И грянул гром, услышь крик мой... - Милдред Тэйлор 18 стр.


– Привет, Кэсси, – поздоровался со мной мистер Моррисон. – Папа проснулся?

– Да, сэр. Он сегодня уже с утра сидит, а не лежит.

– А разве я тебе не говорил, что его ничем не удержишь в постели?

– Да, сэр, говорили.

Он слез с фургона и направился к дому.

– Мистер Моррисон, хотите, я распрягу Джека?

– Не надо, Кэсси, пусть как есть. Я только поговорю с папой и тут же вернусь.

– Ну, ну, старина Джек, – похлопала я мула по спине, наблюдая, как мистер Моррисон входит в боковую дверь.

Сначала я хотела было вернуться на свое место на ступеньках, но передумала. Вместо этого я осталась с Джеком, пытаясь разобраться в том, что только что услышала. Вскоре из дома появился мистер Моррисон. Он зашел на конюшню и вышел оттуда с сажалкой – инструментом, похожим на плуг с маленьким круглым контейнером посредине, из которого высыпаются семена. Он положил сажалку в фургон.

– А куда вы едете, мистер Моррисон?

– На участок к мистеру Уиггинсу. Я виделся сегодня утром с мистером Уиггинсом, и он спросил, нельзя ли воспользоваться папиной сажалкой. У него нет фургона, и я взялся спросить у папы: если папа скажет добро, я привезу ему сажалку.
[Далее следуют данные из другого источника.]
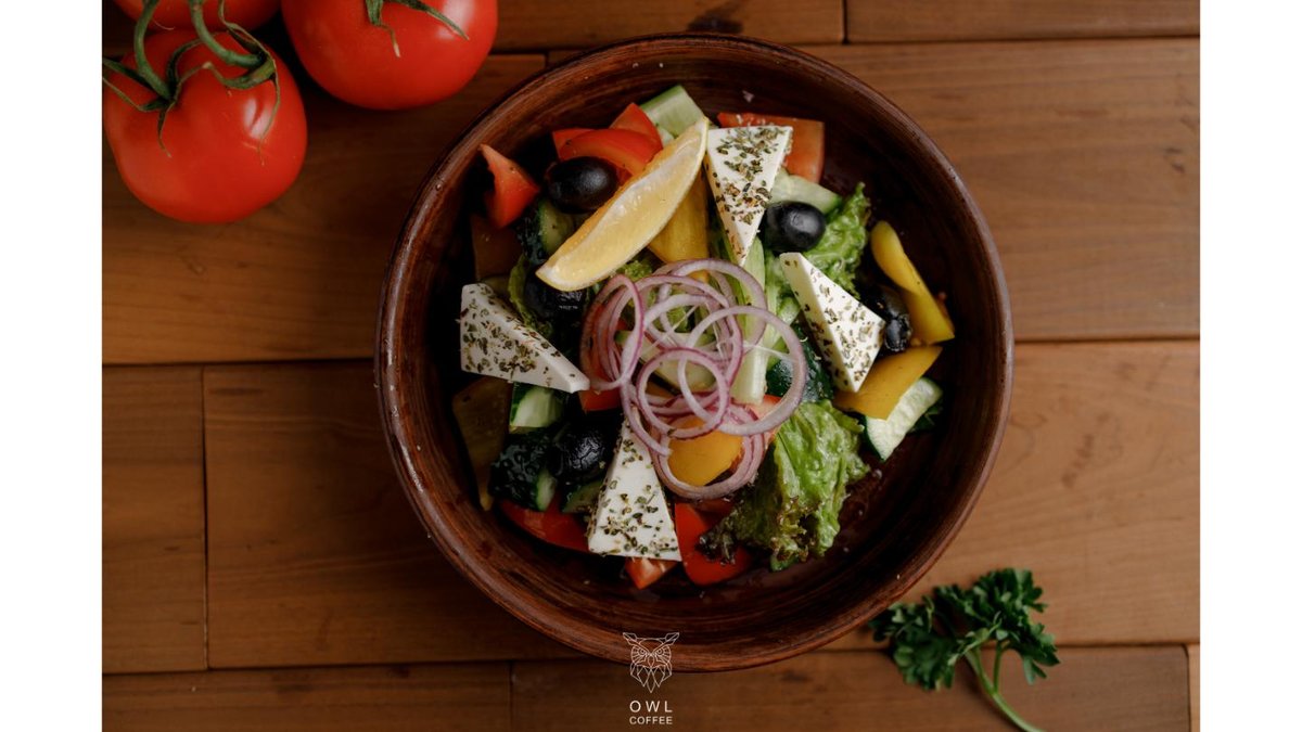 Греческий салат из помидоров, сладкого перца, огурцов, сыра феты, маслин, заправленный оливковым маслом с солью, чёрным перцем.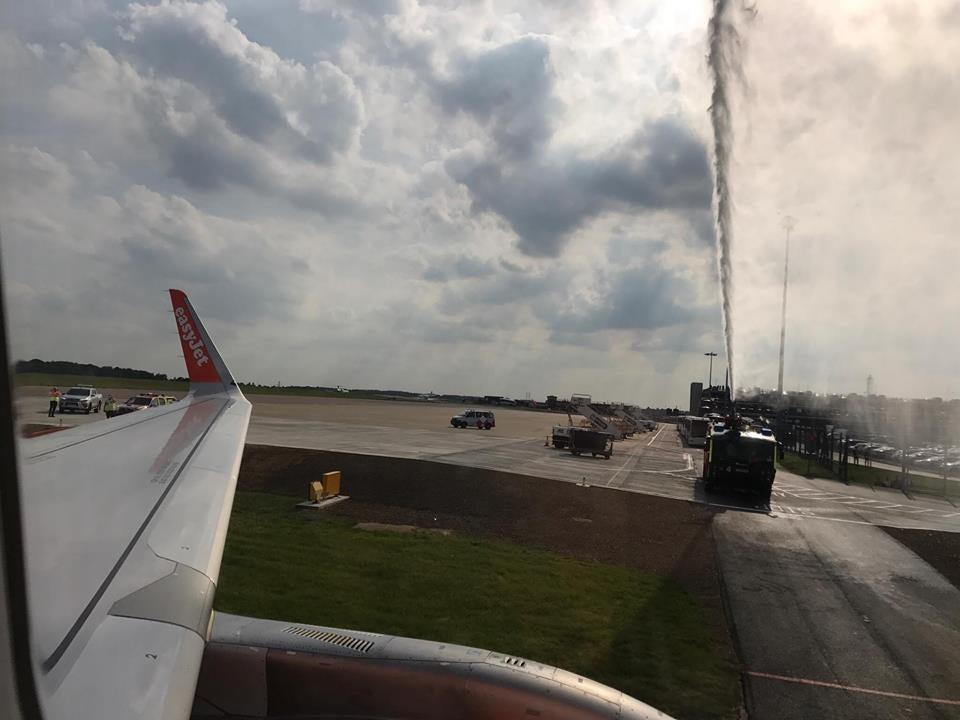 On arrival, the plane was greeted by a traditional water cannon salute.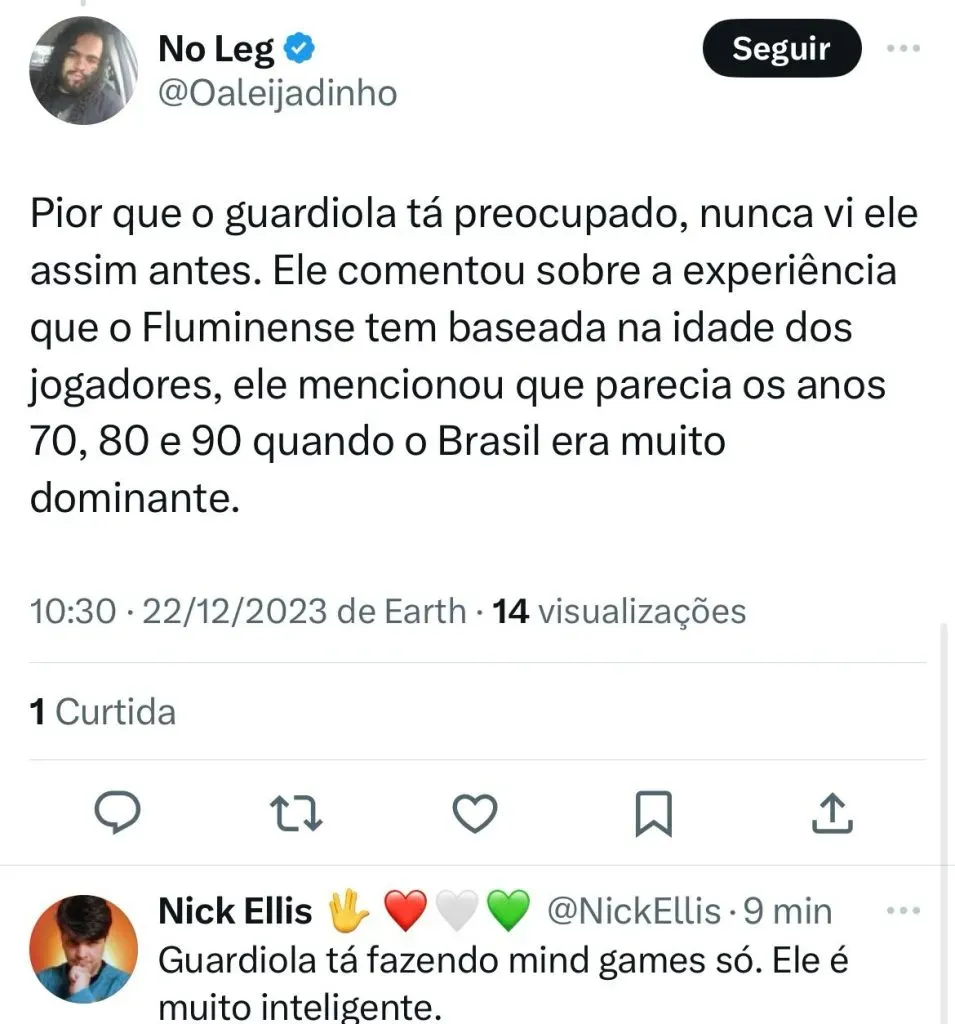 E quem falou sobre o time de Fernando Diniz foi Pep Guardiola. O espanhol destacou o técnico Fernando Diniz. O Tricolor, chegou a afirmar que o City nunca enfrentou um time que joga da maneira como o Flu do técnico Tricolor das Laranjeiras
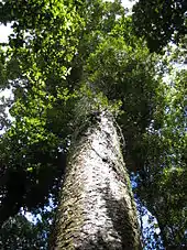 It is the largest (by volume) but not tallest species of tree in New Zealand, standing up to 50 m tall in the emergent layer above the forest's main canopy. The tree has smooth bark and small narrow leaves. Other common names to distinguish A. australis from other members of Agathis are southern kauri and New Zealand kauri.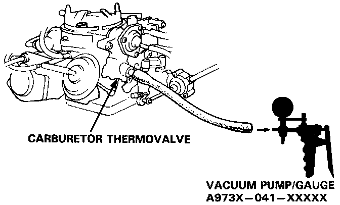 1. Disconnect the hose at the carburetor thermovalve and connect a vacuum pump/gauge to the thermovalve.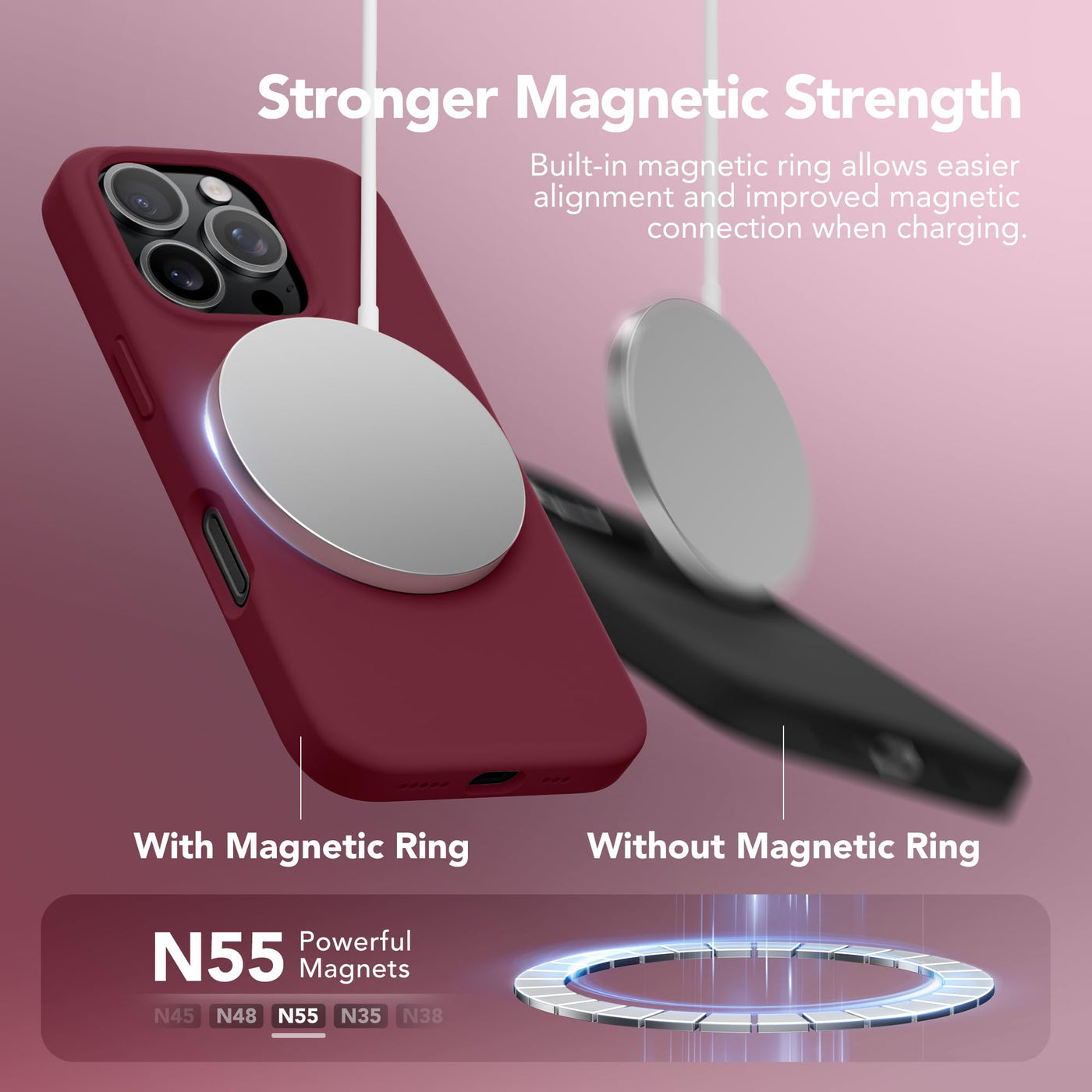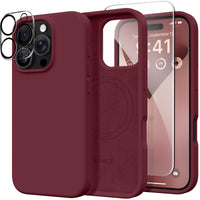 Gonez Magnetic For Iphone 16 Pro Case, Compatible With Magsafe, [2 Screen Protector + 2 Camera Lens Protector], Silicone Shockproof Anti-Scratch Protective Phone Case 6.3 Inch, Maroon

– А разве не поздно сажать-то?

– Ну, для того, что задумал мистер Уиггинс, не поздно. Он решил посадить у себя яровую кукурузу. В сентябре созреет.

– Мистер Моррисон, а можно мне с вами? – спросила я, когда он уже садился на козлы фургона.

– Что ж, буду только рад такой компании, Кэсси. Но тебе надо сперва спросить у мамы.

Я бросилась бегом домой. Мальчики теперь тоже были в маминой и папиной комнате и, когда я спросила, можно ли ехать с мистером Моррисоном к Крошке Уилли, Малыш и Кристофер-Джон, конечно, тоже захотели.

– Мистер Моррисон согласится, мама.

– Ладно, надеюсь, вы не помешаете ему. А ты поедешь, Стейси?

Стейси сидел напротив папы и с унынием смотрел на его сломанную ногу.

– Иди, сынок, – сказал папа мягко. – Сейчас дел здесь никаких нет. Воспользуйся случаем поболтать с Крошкой Уилли.

– Ты уверен, папа, что я тебе не понадоблюсь?

– Иди, иди, прокатись в свое удовольствие.

Поскольку это была моя идея – попроситься ехать, я влезла на переднее сиденье рядом с мистером Моррисоном, а мальчики сели в фургон. Семья Крошки Уилли жила на собственных сорока акрах милях в двух на восток от Грэйт Фейс. Утро для поездки выдалось удачное, и шесть миль мы покрыли быстро, особенно под пение мистера Моррисона, у которого был могучий густой бас. Кристофер-Джон, Малыш и я подпевали ему, как могли, проезжая хлопковые поля все в цвету – белые, красные, розовые. А Стейси был не в настроении, – иногда с ним это случалось, – и не хотел петь. Что ж, мы его оставили в покое.

На ферме Уиггинсов мы пробыли не больше часа и поехали назад домой. Только мы миновали Грэйт Фейс и приближались к дороге у школы Джефферсона Дэвиса, как увидели старый обшарпанный грузовик. Мистер Моррисон спокойно говорит мне:

– Кэсси, полезай назад, в фургон.

– Но почему, мистер Мор…

– Быстро, Кэсси, делай, как я сказал.

Его голос звучал вполне дружески, чуть громче, чем шепотом, но очень настойчиво, и я послушалась, перелезла через переднее сиденье назад к мальчикам.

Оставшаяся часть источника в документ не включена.